**Task goal**
All that is wanted is the line with "Ride2School Champion t-shirts" and each line after it to the end of the data below, set down exactly and without pictures.

**Data to process**
——

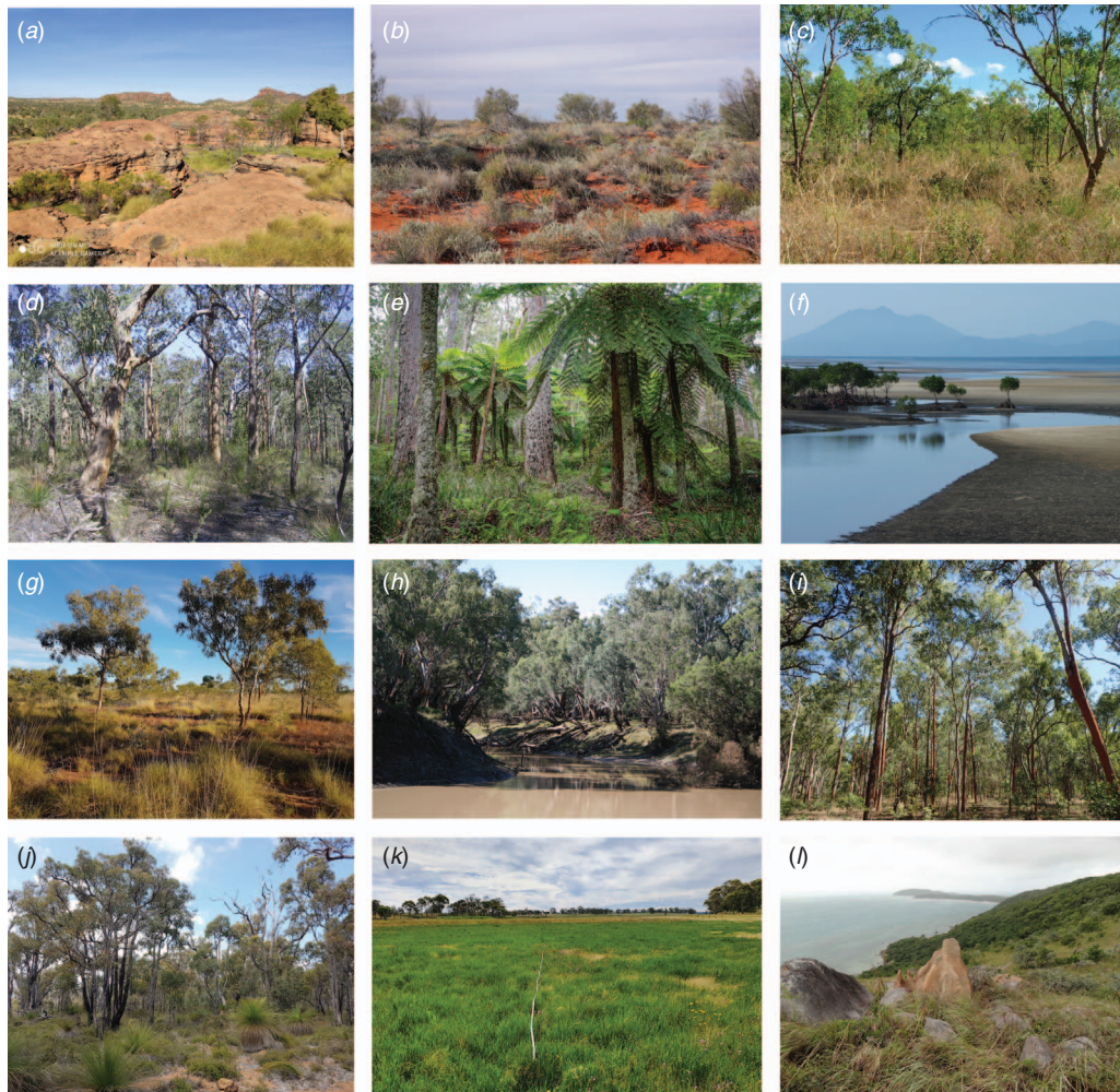
Fig. 2. Vegetation communities included in the special issue: (a) Acacia dunnii and Acacia spp. tall sparse shrubland over Triodia spp. hummock grassland, Keep River National Park, Northern Territory (Patykowski et al. 2021); (b) Triodia hummock grassland, Queensland (Muldavin et al. 2021); (c) Eucalyptus phoenicea low open woodland, Northern Territory (Lewis et al. 2021a); (d) previously undetected and highly restricted Corymbia eximia heathy forest near Kurri, New South Wales (Bell and Driscoll 2021); (e) Eucalyptus campanulata (New England blackbutt) forest, Mummel Gulf National Park, New South Wales (Gellie and Hunter 2021); (f) intertidal communities, Yule Point, Queensland (Addicott et al. 2021); (g) Corymbia dichromophloia open woodland, Northern Territory (Lewis et al. 2021b); (h) river red gum ( Eucalyptus camaldulensis ) on the Barwon River, Barwon National Park (Hunter and Grown 2021); (i) Eucalyptus tetradonta woodland, Hann River, Queensland (Muldavin et al. 2021); (j) Eucalyptus marginata and Xanthorrhoea spp., Northern Jarrah Forest, Western Australia (Luxton et al. 2021); (k) ephemeral montane marsh (Hunter 2021a, 2021b); (l) Heteropogon triticeus grassy headland and semi-evergreen vine thicket, Cape Weymouth, Queensland (Addicott et al. 2021). All photographs reproduced with written permission. Image credits: (a) Donna Lewis, (b) TERN Ecosystem Surveillance, (c) Donna Lewis, (d) Stephen Bell, (e) John Hunter, (f) Mark Newton, (g) Sarah Luxton, (h) John Hunter, (i) Mark Newton, (j) Sarah Luxton, (k) John Hunter, (l) Mark Newton.

did not at any stage have editor-level access to this manuscript while in peer review, as is the standard practice when handling manuscripts submitted by an editor to this journal. Australian Journal of Botany encourages its editors to publish in the journal and they are kept totally separate from the decision-making process for their manuscripts. The authors have no further conflicts of interest to declare.
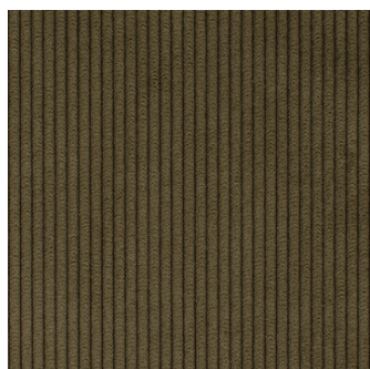
316 Cordufine, Pine Green
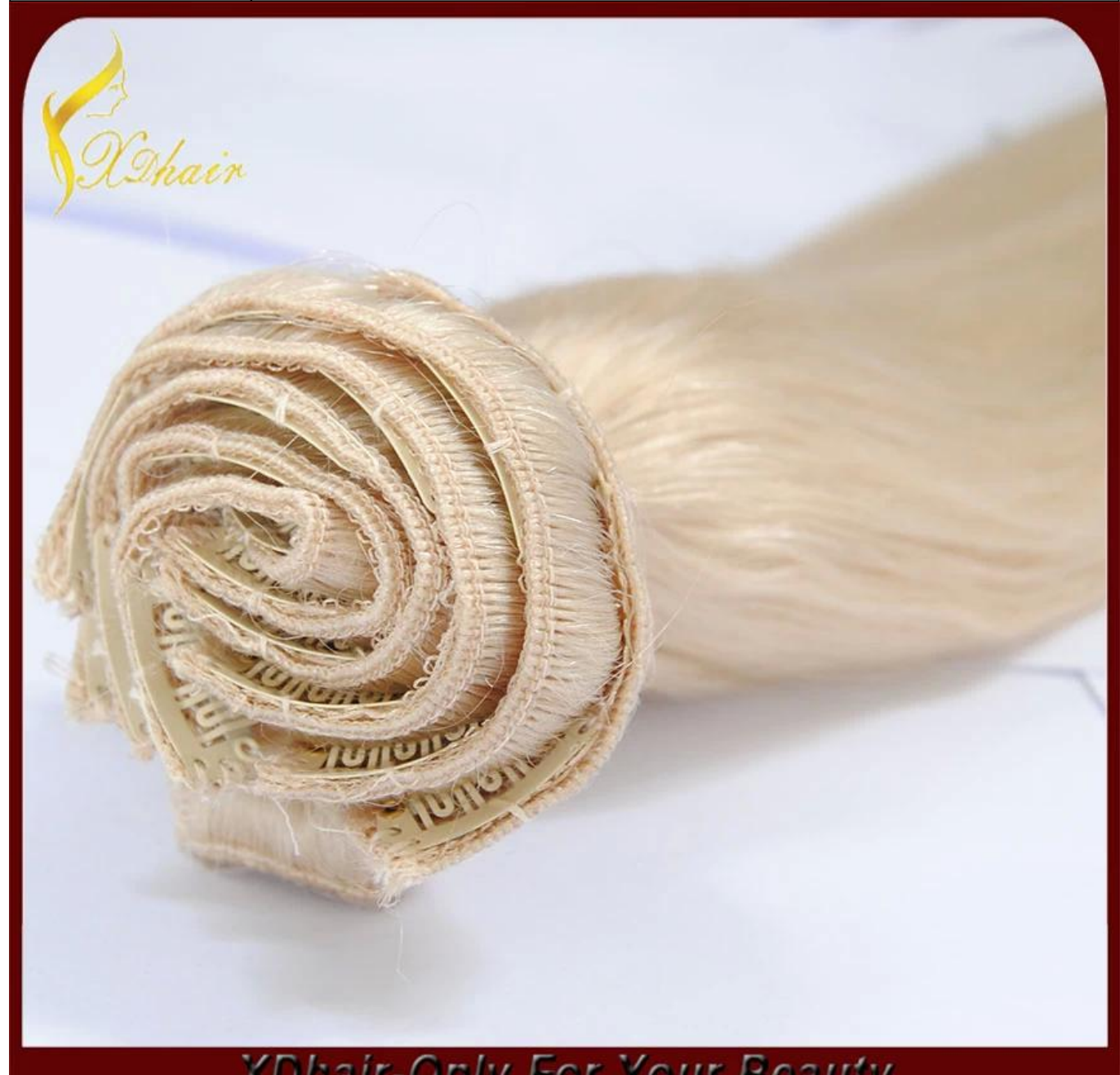
XDhair-Only For Your Beauty
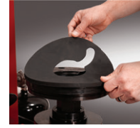
RUBBER PLATE INSERT Turntable guard adds protection to reverse mount wheels.
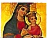
A Christian painting depicting Mary with the baby Jesus [ enlarge ]

Christianity developed out of the monotheistic tradition of Judaism; Jesus, its founder, was a member of the Jewish community in Roman Palestine. Its holy scriptures are the Old Testament (the Jewish Torah with additions), and the New Testament (written by the followers of Jesus after his death and containing the life story of Jesus and other early Christian writings).
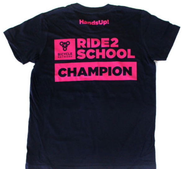
Ride2School Champion t-shirts for students to wear during their role
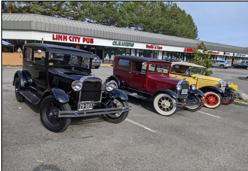
Breakfast at the Linn City Pub on May 3

——

**Output for this exercise**
Ride2School Champion t-shirts for students to wear during their role
Breakfast at the Linn City Pub on May 3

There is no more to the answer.